A reporting query joining orders (50M rows) with products (100K rows) was taking 30 minutes. EXPLAIN showed a Nested Loop Join — the optimizer misjudged the outer table size because table statistics were stale (estimated 100 rows, actual 50 million). Running ANALYZE updated statistics, and the optimizer switched to a Hash Join — build a hash table from 100K products (8MB in memory), probe with 50M orders in one pass. Query time dropped from 30 minutes to 45 seconds. The team learned to run ANALYZE after bulk data loads.

Nested Loop = best for small outer + indexed inner (O(N × log M)). Hash Join = best for large tables with equi-joins (O(N+M), needs memory). Merge Join = best when both sides are already sorted (O(N+M)). The optimizer chooses based on table sizes and available indexes — keep statistics updated with ANALYZE.
⚠️ Common Mistake

Stale table statistics causing the optimizer to choose the wrong join algorithm — usually picking Nested Loop when Hash Join would be orders of magnitude faster.
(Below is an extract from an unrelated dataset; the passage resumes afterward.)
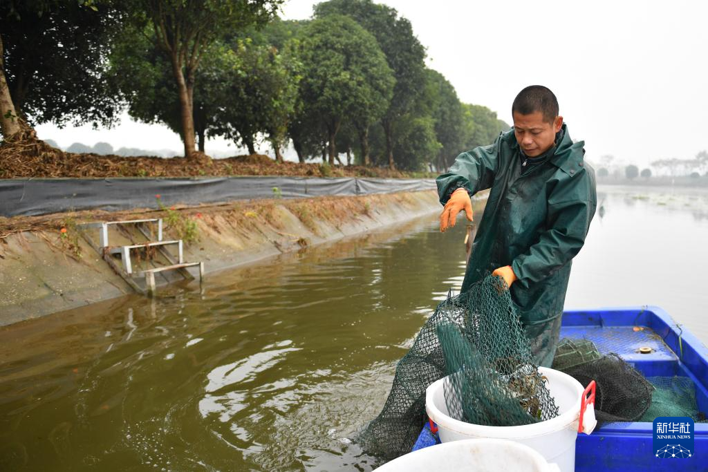 10月30日,在大通湖区河坝镇,蟹农将分拣后的大闸蟹投入暂养池。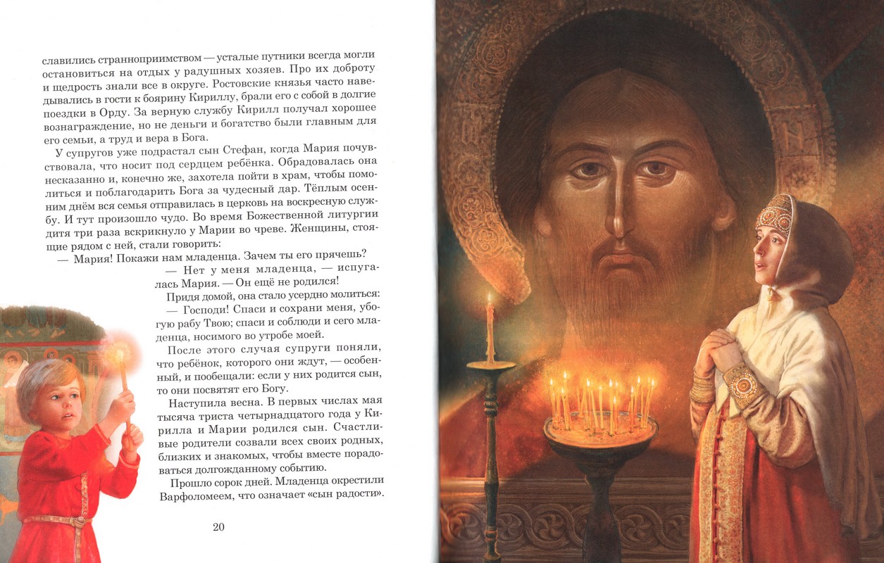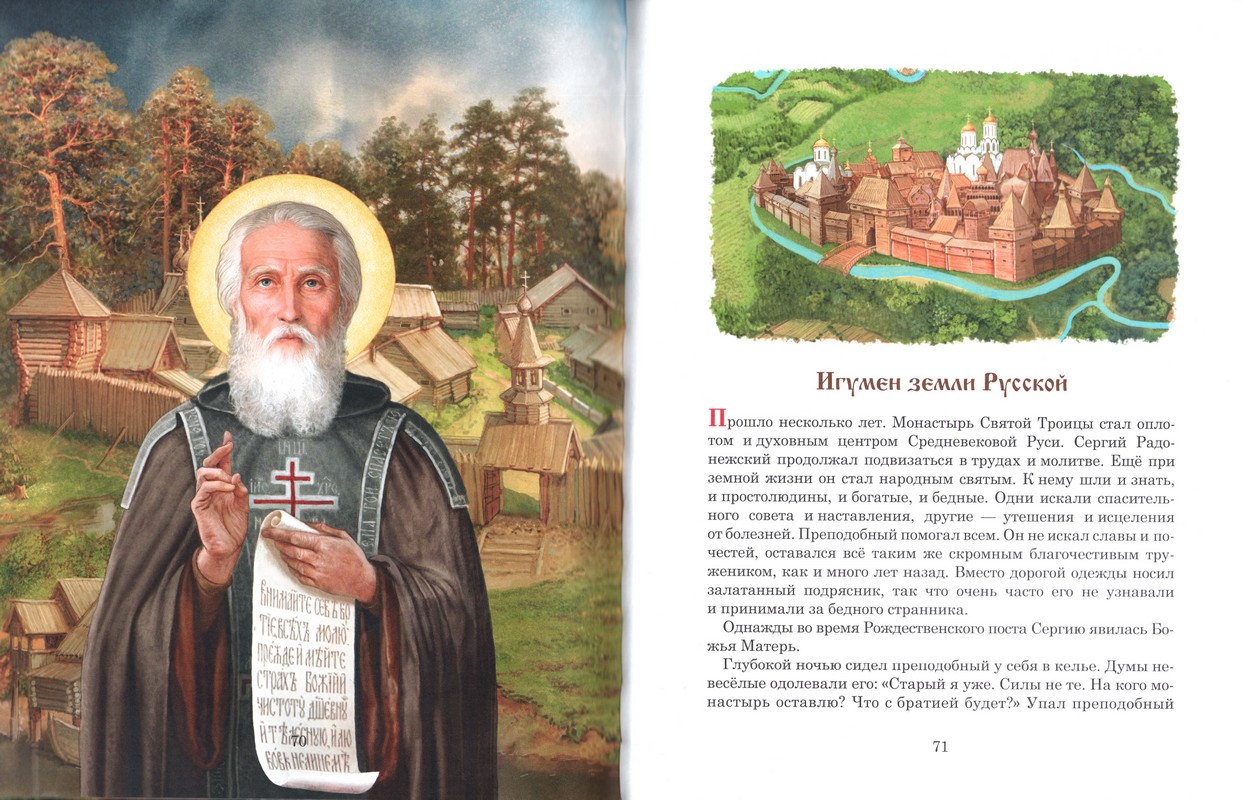 Под стягами Древней Руси, под звон колоколов, разворачивается невероятная история о святом Сергии Радонежском, который был не только молитвенником и заступником, но и собирателем земель русских. На страницах этой чудесной книги оживают далекие временя, когда князь Владимир нес свет христианства на Русь. Вы узнаете о подвигах и духовных открытиях преподобного Сергия Радонежского. Он основал сияющий монастырь — Троице-Сергиеву Лавру, — ставший настоящей жемчужиной среди других монастырей, где каждая стена дышит молитвами и верой. Юные читатели вместе с родителями погрузятся в мир доблести и отваги, узнают о храбрости князя Дмитрия Донского на поле Куликовом, о поединке воина-монаха Пересвета с коварным Челубеем и победе воинства русского над татаро-монголами.

❌ Stale stats — optimizer picks wrong join
-- Statistics say orders has 100 rows (stale!)
-- Actual: 50 million rows
EXPLAIN ANALYZE SELECT * FROM orders o JOIN products p ON o.product_id = p.id;
-- Nested Loop  (estimated rows=100, actual rows=50000000)
-- For each of 50M orders → index lookup into products
-- 50 million index lookups → 30+ minutes!
✅ Fresh stats — optimizer picks optimal join
ANALYZE orders;  -- update statistics
ANALYZE products;
EXPLAIN ANALYZE SELECT * FROM orders o JOIN products p ON o.product_id = p.id;
-- Hash Join  (estimated rows=50000000, actual rows=50000000) ✓
-- Build hash on products (100K rows, 8MB)
-- Probe with orders (50M rows, one pass)
-- 45 seconds instead of 30 minutes!
🔁 Follow-Up Question

What is a hash spill and how does Grace Hash Join handle hash tables that exceed memory?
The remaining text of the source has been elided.